I'm having trouble determining the convergence of the series: $$ \sum_{k=1}^{\infty}\sqrt k - 2\sqrt {k + 1} + \sqrt {k + 2} $$
I am thinking it doesn't converge and since neither the root test or $$|\frac{a_{k+1}}{a_{k}}|$$ seemed to work for me I would have to use a comparing test
Keep in mind I am not allowed to actually calculate what it converges to.
On
$$\sqrt{k} - 2 \sqrt{k + 1} + \sqrt{k + 2} = \color{red}{\sqrt{k + 2} - \sqrt{k + 1}} - \big(\color{blue}{\sqrt{k + 1} - \sqrt{k}}\big)$$
By Telescoping sum we get,
$$ \sum^n_{k=1}\sqrt{k} - 2 \sqrt{k + 1} + \sqrt{k + 2}= =\sqrt{n + 2}-\sqrt{2} -(\sqrt{n+1} -1) =\\=\frac{1}{\sqrt{n + 2}+\sqrt{n + 1 }}+1-\sqrt{ 2}$$
$$ \sum^{\infty}_{k=1}\sqrt{k} - 2 \sqrt{k + 1} + \sqrt{k + 2} =\lim_{n\to\infty}\frac{1}{\sqrt{n + 2}+\sqrt{n + 1 }}+1-\sqrt{ 2}= \color{blue}{1-\sqrt{ 2}}$$
On
For real $0 < x < 1,$ you can check, by squaring, that $$ 1 + \frac{x}{2} - \frac{x^2}{8} < \sqrt{1+x} < 1 + \frac{x}{2} - \frac{x^2}{8} + \frac{x^3}{16} $$ You can get the same information from the first few terms of the Taylor series, with explicit remainder.

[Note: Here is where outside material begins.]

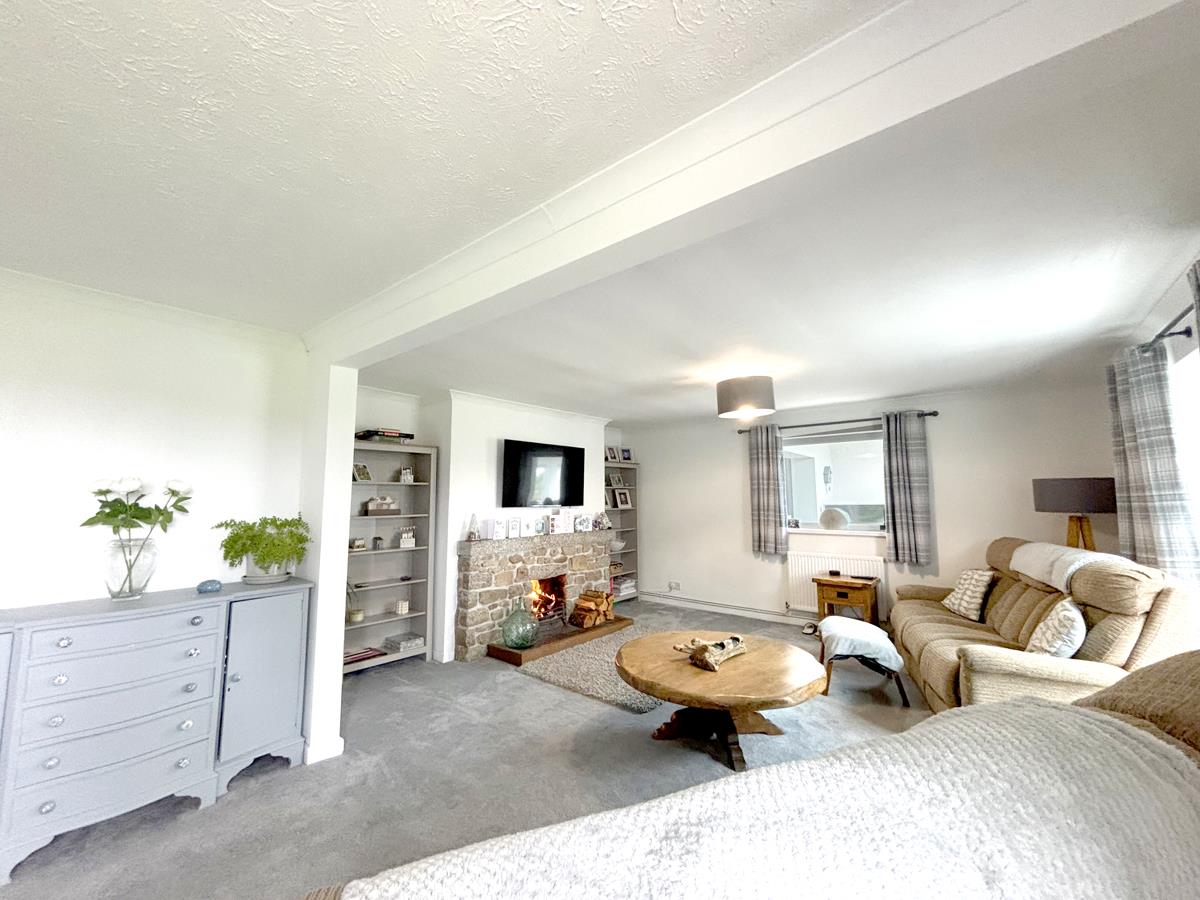 A spacious yet cosy room with borrowed light windows to the family room and sliding doors accessing the family room. There is an open fire, two radiators and stairs to the first floor.
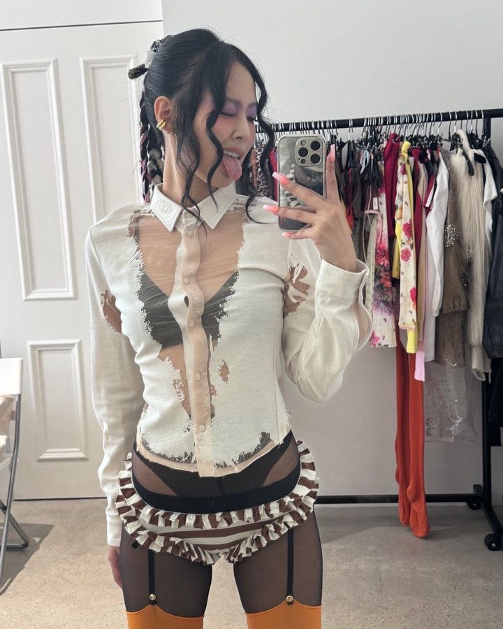 공개된 사진 속 제니는 시스루 셔츠를 비롯해 겨자색 가터벨트, 검은색 스타킹을 소화했고, 팬티 위 레이스 장식이 눈길을 끄는 팬티를 겹쳐 입어 파격적인 스타일링에 나섰다.

Using $x = 1/k$ and $x = 2/k$ gives $$ \sqrt k \left( - \frac{1}{4 k^2} \right) < \sqrt k - 2 \sqrt {k+1} + \sqrt {k+2} < \sqrt k \left( - \frac{1}{4 k^2} + \frac{3}{8 k^3} \right), $$ $$ - \frac{1}{4 k^{3/2}} < \sqrt k - 2 \sqrt {k+1} + \sqrt {k+2} < - \frac{1}{4 k^{3/2}} + \frac{3}{8 k^{5/2}} \; \; . $$ When $k \geq 2,$ we get $$ - \frac{1}{4 k^{3/2}} < \sqrt k - 2 \sqrt {k+1} + \sqrt {k+2} < 0 \; \; . $$
Here's an outline of a solution:
Notice that
$$\sqrt{k} - 2 \sqrt{k + 1} + \sqrt{k + 2} = \sqrt{k + 2} - \sqrt{k + 1} - \big(\sqrt{k + 1} - \sqrt{k}\big)$$
is the difference between the right- and left- hand estimates for the derivative of $\sqrt{x}$ at $k + 1$. This has a lot in common with the second derivative of $\sqrt{x}$, which is of the order $x^{-3/2}$. Hence, you may find it very useful to compare your series with
$$\sum_{k = 1}^{\infty} \frac{1}{k^{3/2}}$$
which is easily seen to converge.
Alternatively, as pointed out in comments, the series telescopes.